1.3 Typographic Conventions
Typographic conventions are described in Library Overview Reference [1]. In addition to the writing conventions mentioned above, the following applies:
2 Layered AAA Provisioning Solution
Data Layered Architecture (DLA) is an Ericsson architecture that provides a layered structure for network elements. This allows separation of traffic logic and data storage into different nodes.
2.1 Overview
An overview of the layered AAA provisioning and including nodes is shown in Figure 1. For detailed information about AAA FE configuration, refer to User Guide for Resource Activation, Reference [4] and Configuration Manual for Resource Activation, Reference [7].
- BSS - Initiates the provisioning request towards Dynamic Activation.
- Dynamic Activation - A provisioning system that provides a single provisioning
interface towards the Business Support System (BSS), by hiding the
complexities of provisioning multiple underlying network elements.
For more information about configuration of Dynamic Activation in the deployment, see Configuration Manual for Resource Activation, Reference [7].
- CUDB - The Back-End database offered by the Ericsson realization of DLA, which decouples the user data storage from the application logic in the Front-Ends (FEs).
- AAA FE - Realizes Authentication, Authorization and Accounting function to handle user requests for access to network resources as for example: GPRS, Wi-Fi, and LTE/EPC. AAA supports both RADIUS and Diameter protocol, which makes it compliant to legacy scenarios and 3GPP trend proof.
2.2 Data Model AAA
The following figure shows the AAA provisioning data model in Centralized User Database (CUDB).
Figure 2 Data Model AAA
Dynamic Activation is responsible to:
- Map the CAI3G order to the LDAP objects in the data model for a subscriber. There are attributes that have a different format in the CAI3G interface and in the LDAP schema.
- Check and add default values to attributes that are required (mandatory) in CUDB but optional in CAI3G.
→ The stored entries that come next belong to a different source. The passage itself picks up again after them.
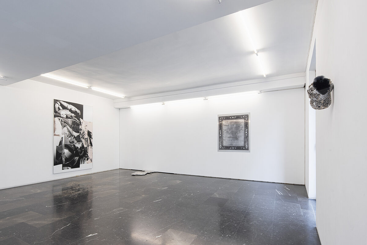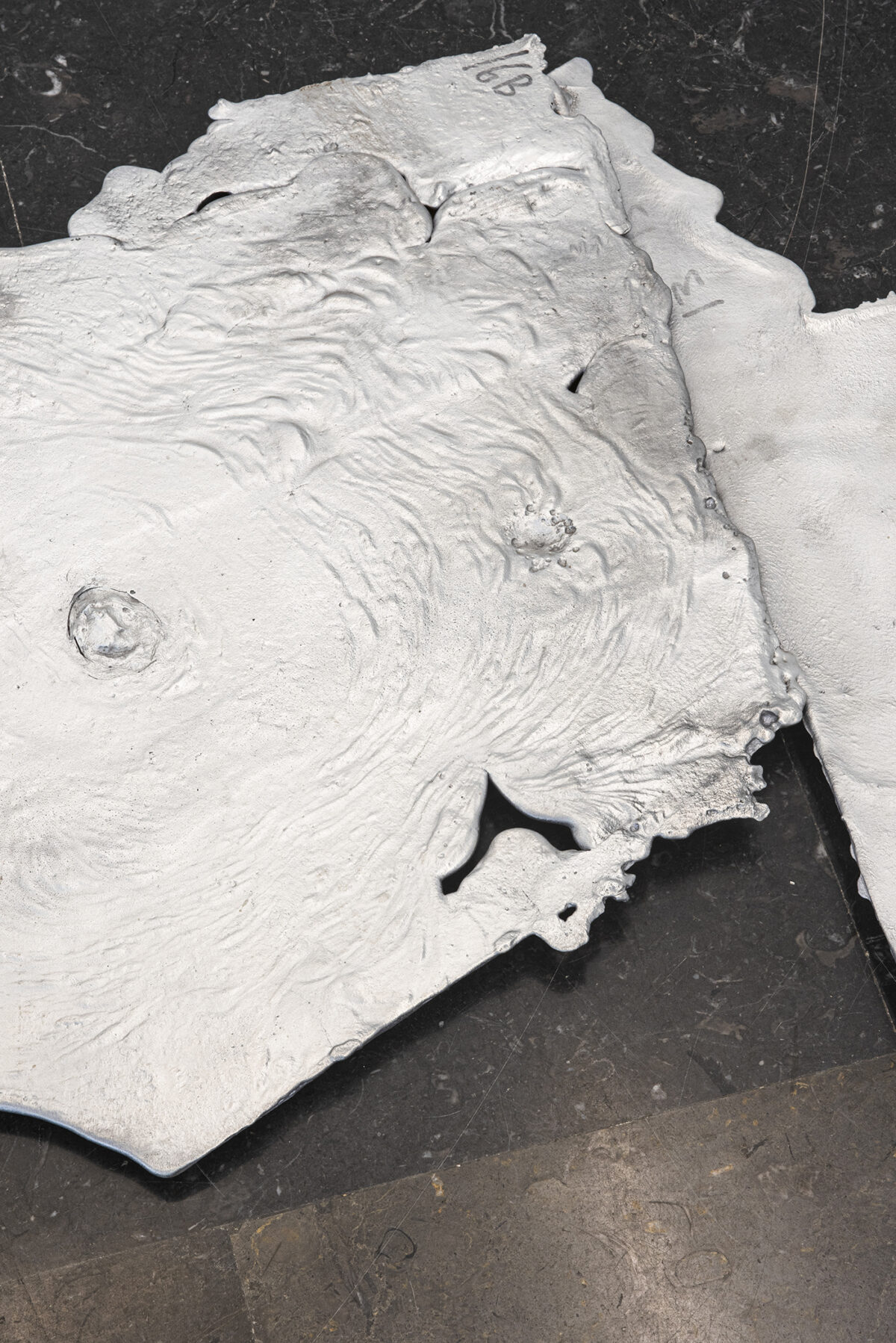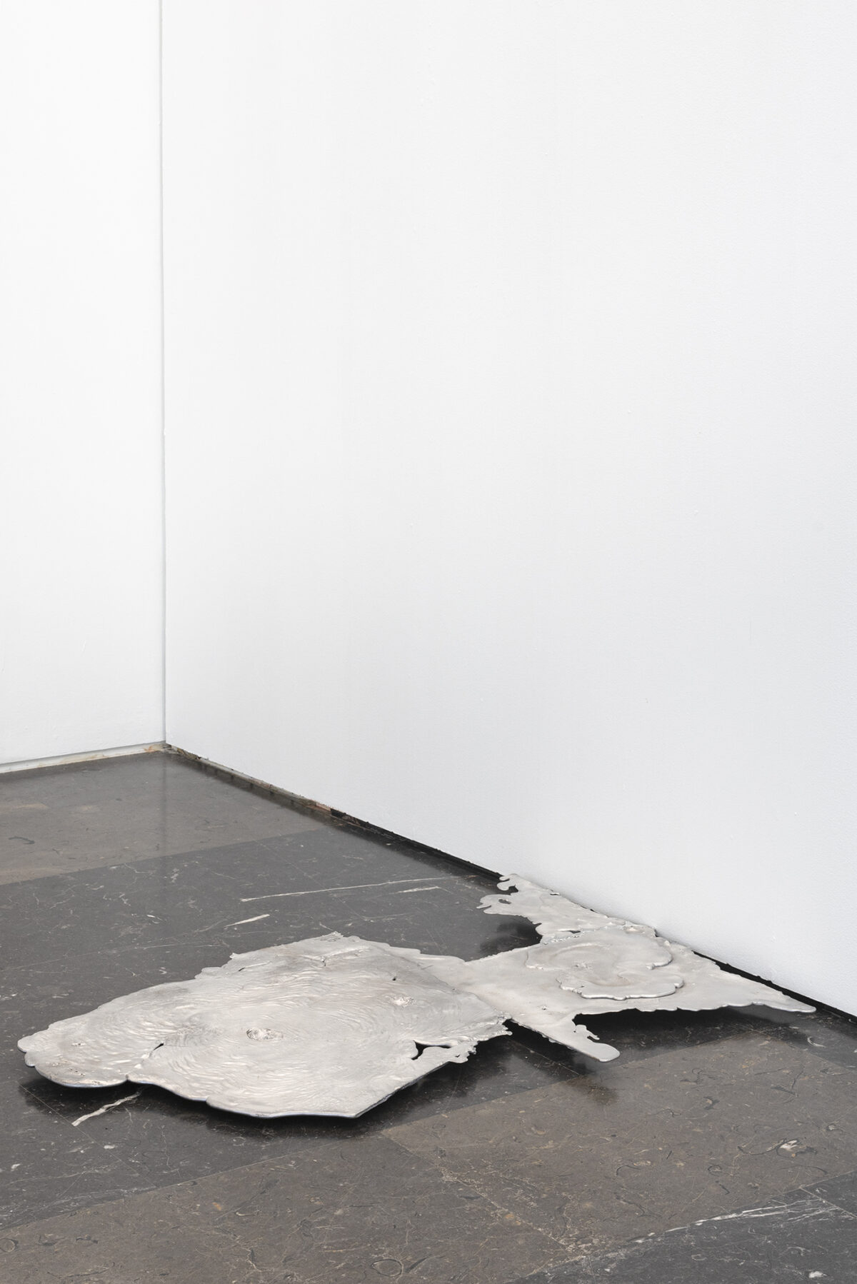Victor Santamarina presents a floor installation made by coupling various puddles of aluminium that have been formed by discharges, leaks, tides and multidirectional flows. They are the product of an intuitive and sensorial exploration in which the artist establishes a peculiar negotiation between his body and the materials. The work is unfolded in its full potential through the material and its poetic use, revealing a quality that is more spatial than object-based, at once producing a wide spectrum of reflections responding to the ambient light.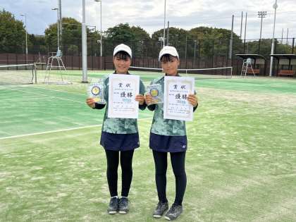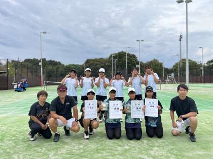 写真は、柳川瀬公園テニスコートで行われたソフトテニス部の大会の様子です。団体で5位、個人では優勝に輝きました。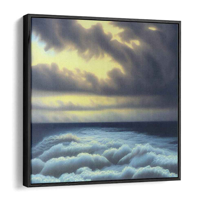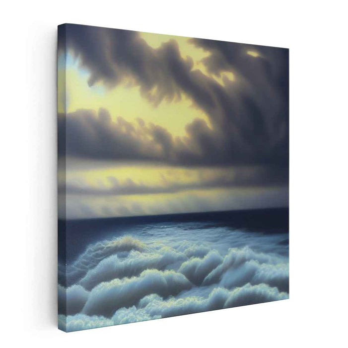 Introducing 'Stormy Skies Ahead,' a mesmerizing canvas art print that plunges viewers into the raw power and breathtaking beauty of nature, showcasing a turbulent ocean under a dramatic, brooding sky. This compelling artwork captures the intense interaction between the churning sea waves and the ominous clouds above, creating a scene of immense dynamism and atmospheric tension.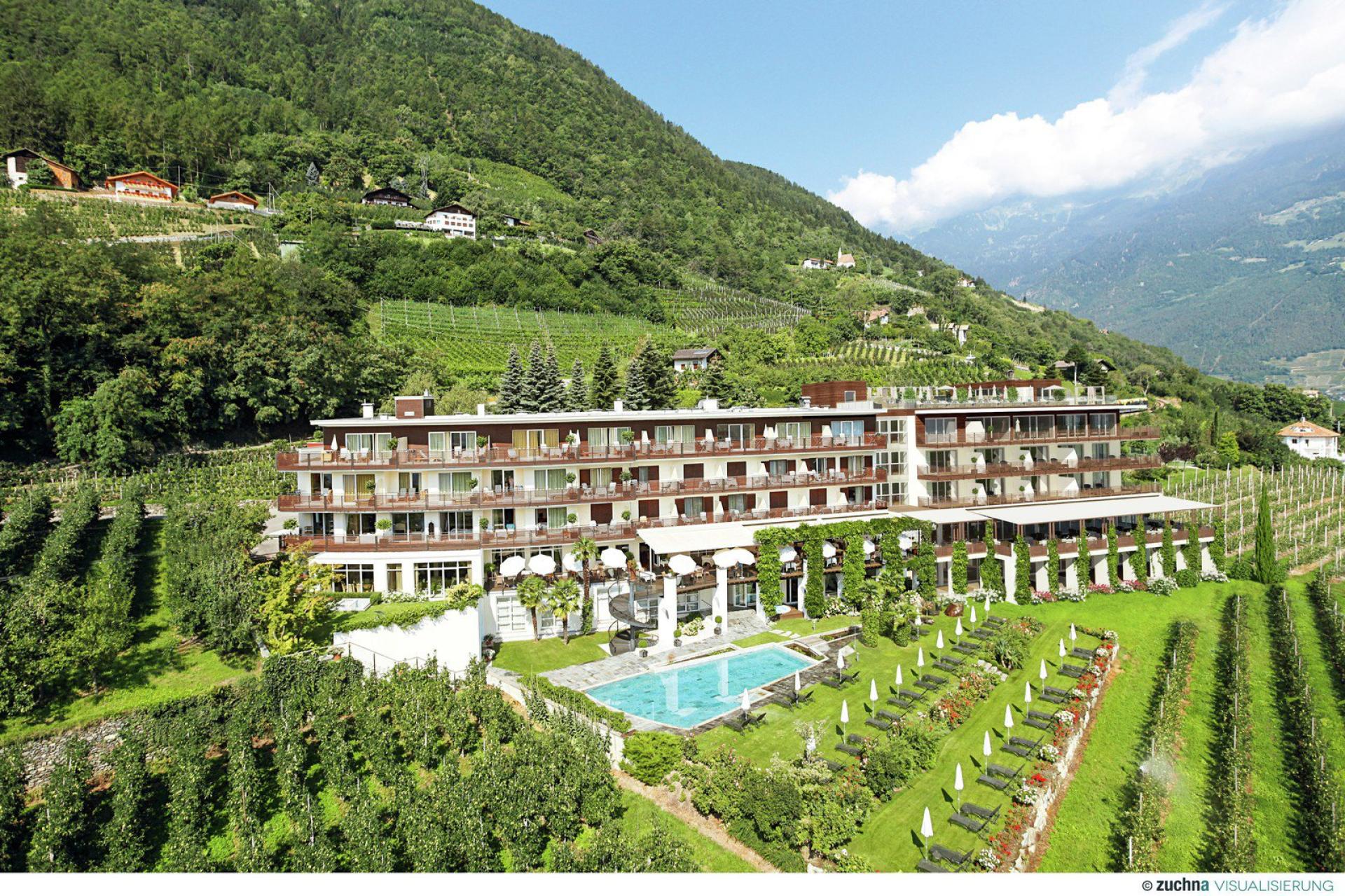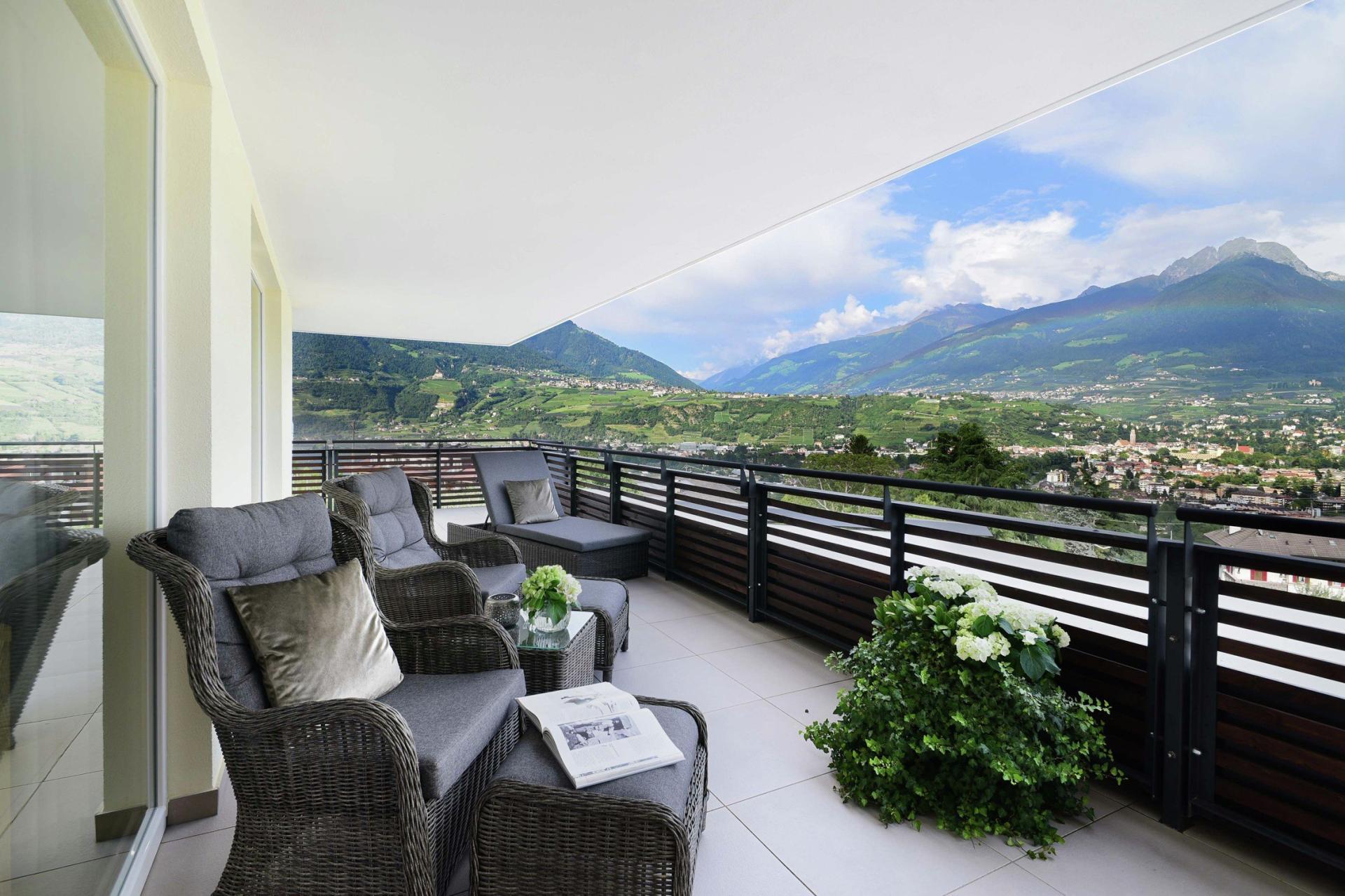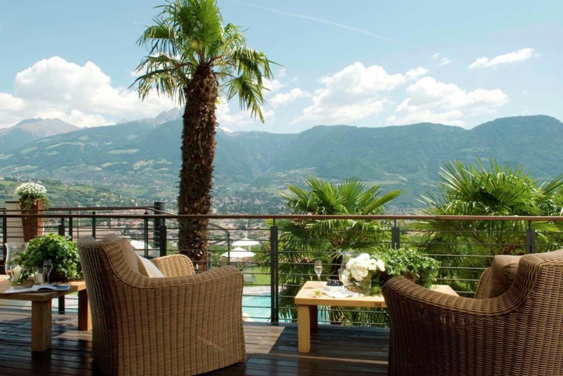 Circondato da meleti e vigneti, regala una vista panoramica unica sulla conca di Merano, in un luogo suggestivo dove la terra sembra toccare il cielo.

- Handle identities and alias under root identities entry, generate identity for MultiSC (USERNAME, IMSI and MultiSC ID) and validate their relations for a given subscriber.
- Create the service object AAA each time a MultiSC is created in the CUDB. The AAA object (and optional objects below AAA) is removed each time a MultiSC is deleted. AAA specific data is added below AAA object and an IP address alias is added by applications during traffic. The IP address is not managed by Dynamic Activation.
2.3 Atomicity and Integrity Handling
Atomicity means ensuring that any operations performed on the system are either all completed successfully or all reversed successfully to keep the data consistency.
One CAI3G CSO can imply several LDAP orders towards the CUDB. Dynamic Activation will provide atomicity in AAA provisioning as below:
- Parses and validates the whole CSO before any LDAP order is sent towards the CUDB to minimize the LDAP errors received from the CUDB.
- Retry the LDAP order when some LDAP errors are returned from CUDB, for example Function Busy. The number of retries is configurable. For more information about retry setting, see User Guide for Resource Activation, Reference [4].
- Support fault tolerance and rollback when LDAP errors are returned from CUDB and retry failed. For more information about fault tolerance and rollback on AAA operations, see Function Specification Resource Activation, Reference [6].
If rollback is still failed, the atomicity is not achieved; the CUDB integrity is not assured. Dynamic Activation raised an alarm and sends back error information about inconsistent data in the CUDB.
For more information about AAA alarm, see Event and Alarm Handling, Reference [5]
For more information about rollback failed error, see Layered IPWorks/AAA Provisioning over CAI3G Reference [2].
In case of data inconsistency, manual action is needed. For more information about AAA actions, see Function Specification Resource Activation, Reference [6].
- Note:
- Simultaneously Create, Set and Delete the same subscriber can result in inconsistent data in the CUDB, reserve sufficient time duration, with consideration to retry behavior, between the different operations.
2.4 AAA Provisioning
CAI3G is offered for provisioning of Layered AAA data. Through the CAI3G provisioning interface, it is possible to perform the following Customer Service Orders (CSOs):
- Create/Set/Get/Delete AAAUser
- Create/Set/Get/Delete AAAGroup
- Create/Set/Get/Delete AAAPolicy
For more information, refer to Layered IPWorks/AAA Provisioning over CAI3G Reference [2].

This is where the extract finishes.